Brady did not say that she could see his face.
At trial, Brady described him as “mixed race.”
At trial, Brady testified that when she saw the unmasked man in the children’s bedroom, she noticed that he had “a big nose.” Brady did not describe the unmasked man as having a big nose until after she had identified the defendant (who has, according to trial counsel, “a large disfigured nose”) as the unmasked accomplice. When first questioned at the scene, she did not tell the police that the unmasked assailant had a big nose. Nor was there any mention of a “big nose” in any of Brady’s four written statements to the police or in her testimony before the grand jury.
Brady testified that the police brought three men to the “showup” identification. Springfield police Lieutenant Thomas Kelly testified that four men were brought to the scene, but he did not remember who they were. He could not remember whether the defendant was one of the four.

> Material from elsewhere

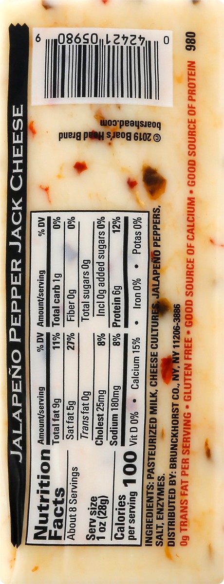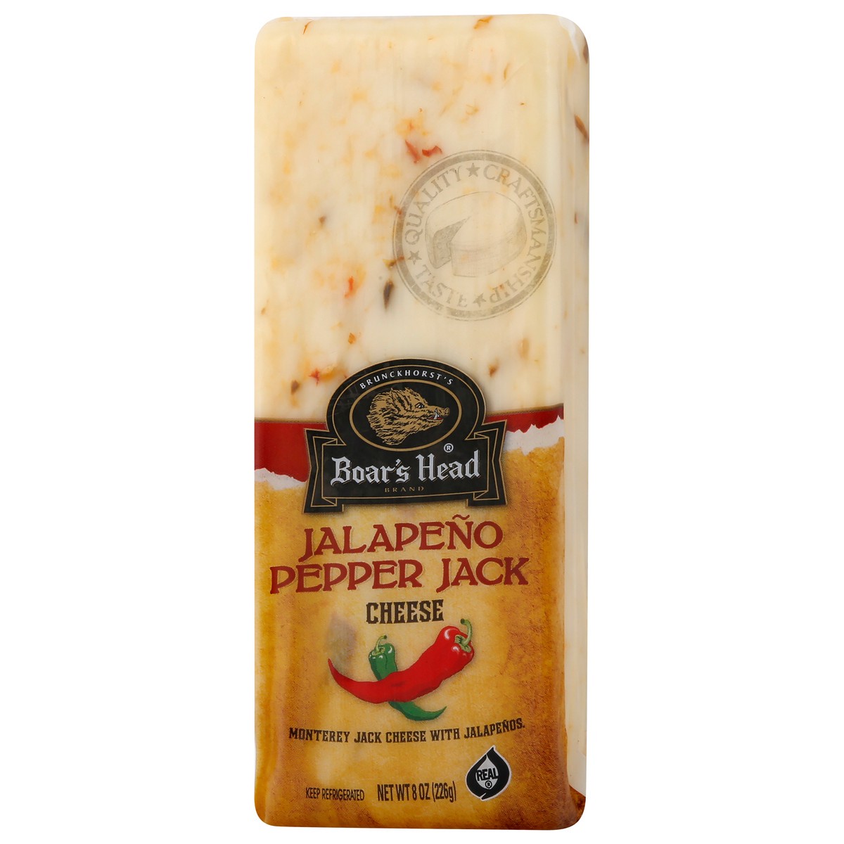 Blended with zesty red and green jalapeño peppers and aged to perfection, this buttery, slightly tart, semi-soft Monterey Jack cheese packs a flavorful punch. Boar's Head Jalapeño Pepper Jack Cheese i…
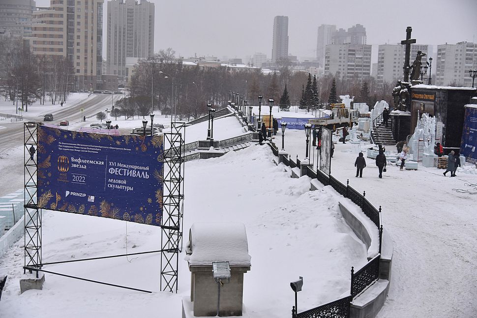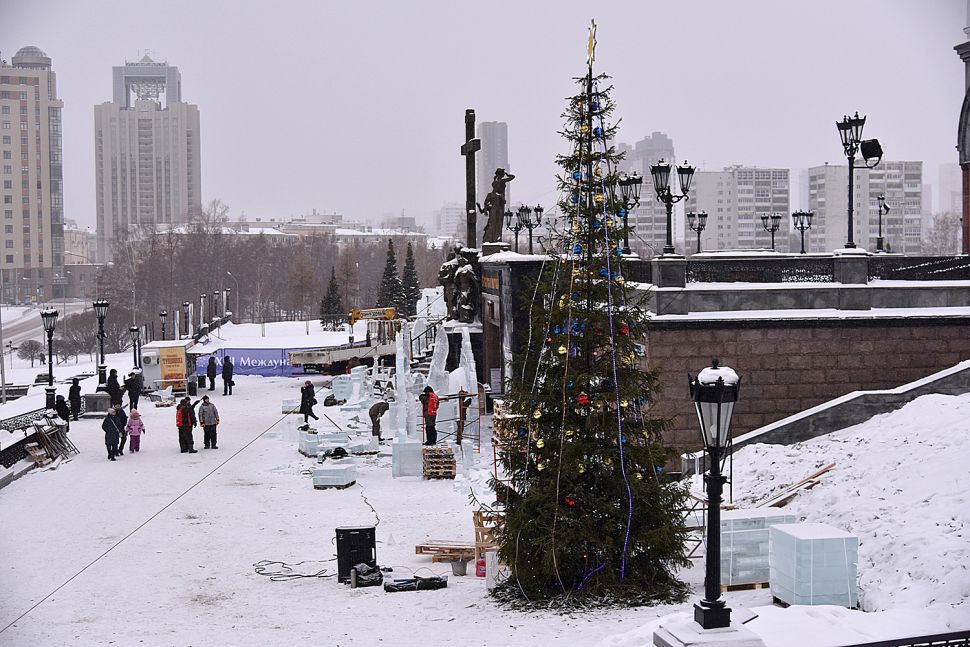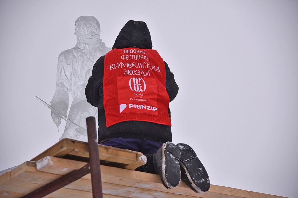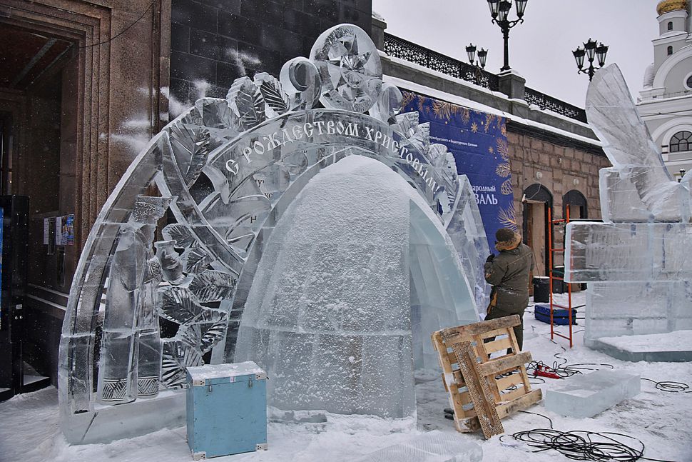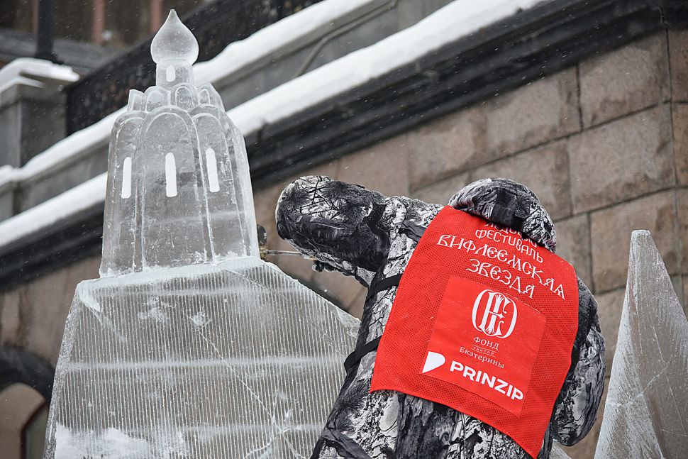 На площадке возле Храма-на-Крови в Екатеринбурге более сорока скульпторов и художников со всей страны приступили к изготовлению ледовых скульптур.

The time noted on the statement is 12:30 p.m. on September 1, 1998. Brady testified that she spoke with police shortly after midnight on September 1, 1998.
Stevenson testified that she had been outside Brady’s apartment house on the night of the murder, had watched police officers gather men for the showup identification, and had recognized Jackson as one of them.
Brady’s trial testimony accorded with her statement to the police that Rowe and the victim had been friends, but had fallen out some months earlier concerning a financial transaction.
Between concluding that the defendant was the unmasked assailant and so informing the police, Brady learned from her sister that the defendant had been arrested on an unrelated Federal charge.
Tara Woods, a friend of the defendant, testified at trial that she was sitting in a parked car in front of Brady’s apartment building at the time of the murder. Woods heard a gunshot, and then saw two men run out of the front door of the building. The first man was dark-skinned and of medium build, with hair that looked like braids or “dreads.” The second man was light-skinned. Woods testified that she was “certain” that the second man was not the defendant.
There is nothing on the docket to reflect any ruling on the motion. The docket and a handwritten notation on the motion state, “See record.”
Defense counsel sought disclosure of “[a]ll statements of persons concerning Mr. Rowe,” “[a]ll police reports concerning the . . . investigation of his death,” and “[a]ll ballistics evidence related to the investigation of the death of Mr. Rowe,” among other materials. In support of his motion, the defendant noted that Brady had informed the police of the falling out between Rowe and the victim, and argued that the Rowe murder might have been retaliation for the victim’s death. He also claimed that “there is a substantial probability that details of Mr. Rowe’s death may yield material and exculpatory information concerning the death of [the victim].”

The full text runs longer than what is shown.